- ACTION ITEM:
Below are the entries. Transcribe exactly the lines from the one with "Modulo Vanity units" through the one with "We are very", ends included, and leave out all others.

- RECORDS FOR PROCESSING:
= Beginning of Section =
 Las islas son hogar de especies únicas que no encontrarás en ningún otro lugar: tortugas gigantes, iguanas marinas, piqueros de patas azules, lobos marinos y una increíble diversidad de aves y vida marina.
= End of Section =
= Beginning of Section =
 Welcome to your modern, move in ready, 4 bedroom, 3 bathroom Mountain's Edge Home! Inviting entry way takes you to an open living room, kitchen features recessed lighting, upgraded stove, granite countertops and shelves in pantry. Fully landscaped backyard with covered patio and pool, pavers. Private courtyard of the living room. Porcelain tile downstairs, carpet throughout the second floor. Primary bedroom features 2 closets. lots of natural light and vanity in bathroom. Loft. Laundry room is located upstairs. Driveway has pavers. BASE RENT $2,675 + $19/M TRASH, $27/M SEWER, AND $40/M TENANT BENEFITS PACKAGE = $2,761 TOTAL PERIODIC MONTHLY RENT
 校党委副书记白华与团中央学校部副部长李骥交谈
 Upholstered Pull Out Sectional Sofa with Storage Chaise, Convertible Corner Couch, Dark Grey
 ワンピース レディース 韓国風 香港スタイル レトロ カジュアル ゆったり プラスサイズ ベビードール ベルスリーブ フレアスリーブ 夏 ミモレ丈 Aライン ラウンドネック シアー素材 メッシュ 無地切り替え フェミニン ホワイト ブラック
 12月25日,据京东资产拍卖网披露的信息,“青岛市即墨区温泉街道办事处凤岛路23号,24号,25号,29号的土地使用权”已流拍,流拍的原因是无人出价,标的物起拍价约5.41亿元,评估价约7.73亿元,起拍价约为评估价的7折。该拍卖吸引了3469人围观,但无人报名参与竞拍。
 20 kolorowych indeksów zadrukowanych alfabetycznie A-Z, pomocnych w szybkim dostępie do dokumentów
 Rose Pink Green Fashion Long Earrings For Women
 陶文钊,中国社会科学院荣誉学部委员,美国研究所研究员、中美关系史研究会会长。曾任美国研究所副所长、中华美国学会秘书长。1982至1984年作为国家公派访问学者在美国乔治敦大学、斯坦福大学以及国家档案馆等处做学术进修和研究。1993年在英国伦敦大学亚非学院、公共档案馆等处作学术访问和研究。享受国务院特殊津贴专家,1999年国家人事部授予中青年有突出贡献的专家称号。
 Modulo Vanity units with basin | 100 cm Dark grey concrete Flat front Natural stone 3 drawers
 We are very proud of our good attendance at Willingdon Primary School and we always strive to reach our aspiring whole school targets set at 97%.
= End of Section =
- ANSWER BELOW:
 Modulo Vanity units with basin | 100 cm Dark grey concrete Flat front Natural stone 3 drawers
 We are very proud of our good attendance at Willingdon Primary School and we always strive to reach our aspiring whole school targets set at 97%.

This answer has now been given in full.